Swissy From Switzerland, joined Jan 2005, 1747 posts, RR: 4
Reply 16, posted (8 years 6 months 3 weeks 3 days 8 hours ago) and read 5737 times:
Quoting Jamincan (Reply 10): That said, corporate espionage is a fact of life these days, and he just happened to be one of the ones that got caught
For sure, we are in the 21 century, however if "you" (WS) are pretending to be the clean, white, innocent sheep in public and then you get hit with sh.. like that..... Remember there is a difference between having an WS employee on AC gates and count the pax versus using illegal access to the AC computer system.....
YOW From , joined Dec 1969, posts, RR:
Reply 17, posted (8 years 6 months 3 weeks 3 days 8 hours ago) and read 5699 times:
Quoting Salomon (Reply 3): Some sections are pretty interesting. Especially when Marc Hill wrote that Michel Leblanc was lying about load factors
We all knew Leblanc was a fibber, but Hill actually knew exactly by how much he was skewing his numbers.
Quoting ETStar (Reply 12): And of course, this was not limited to Air Canada. They appear to have had info on Jetsgo as well.
And CanJet too.
Quoting YWG (Reply 13): From my past expirences of non-reving with AC, those flight loads RARELY reflect actual loads. Often they're about 10% higher.
Remember, this is data 'stolen' from 2003/2004, AC's loads have grown +10% since then. Also, many of Hill's e-mails were referring to seat load factor versus ASM/RPM LF which is what the airlines report to the public on a monthly basis. Seat LF is generally 3-7% lower.
Fly_yhm From Canada, joined Dec 2000, 1691 posts, RR: 9
Reply 18, posted (8 years 6 months 3 weeks 3 days 7 hours ago) and read 5659 times:
This is pratty sad. Thats was a line in there that said something like lets show them who the real low fare leader is. Ya right guys the only reason your still around is because you cheat. Oh well like someone else said its a common practice now a days.
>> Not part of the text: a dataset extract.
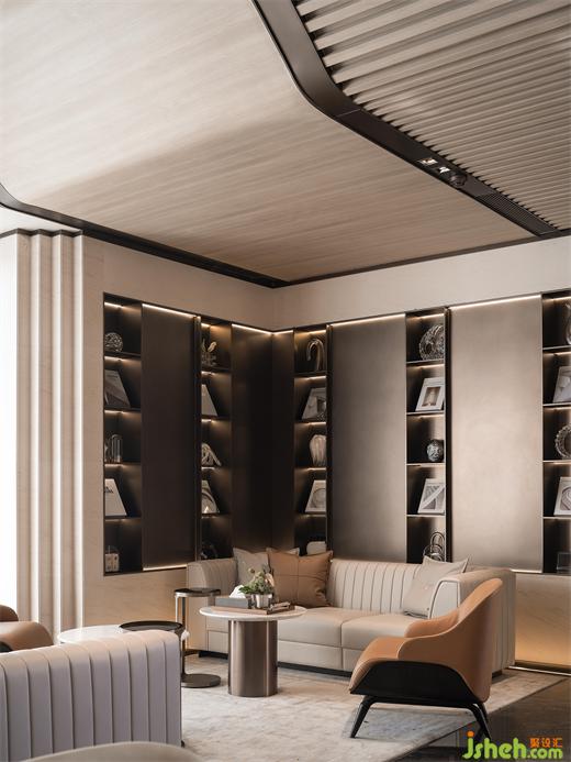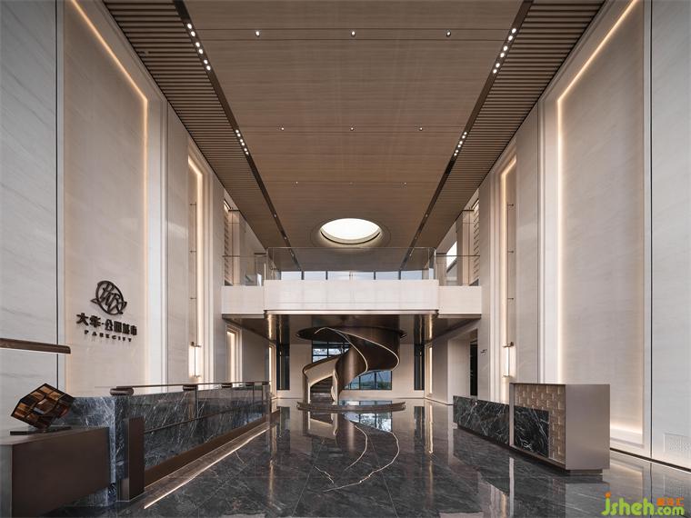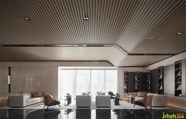 中转厅以雄浑厚重为特色,整体营销中心设计自由而严谨。身临其境,感受光线、肌理和空间结构,每个角度都充满了诗意与画意的美感。

Where will you spend eternity? He,s more real then you think!!!!!
Robsawatsky From Canada, joined Dec 2003, 597 posts, RR: 0
Reply 23, posted (8 years 6 months 3 weeks 3 days 2 hours ago) and read 5419 times:
You do all realize that the revelation that Westjet knew about this spying at the highest levels is old news as covered by a press release from May 29, 2006"
"In 2003-2004, certain members
of WestJet management engaged in an extensive practice of covertly accessing a
password protected proprietary employee web site maintained by Air Canada to
download detailed and commercially sensitive information without authorization
or consent from Air Canada. This practice was undertaken with the knowledge
and direction of the highest management levels of WestJet and was not halted
until discovered by Air Canada. This conduct was both unethical and
unacceptable and WestJet accepts full responsibility for such misconduct.
WestJet sincerely regrets having engaged in this practice and unreservedly
apologizes to Air Canada and Mr. Robert Milton.
As a full settlement, WestJet has agreed to pay Air Canada's
investigation and litigation costs of $5.5 million and has accepted Air
Canada's request that WestJet make a donation in the amount of $10 million in
the name of Air Canada and WestJet to children's charities across the country.
Air Canada has accepted WestJet's apology and withdrawn its claims in light of
this settlement. All legal proceedings between the parties have been
terminated. Both parties have expressed a desire to turn the page on this
unfortunate chapter with finality and are pleased that children's charities
across Canada will also benefit from this settlement arrangement."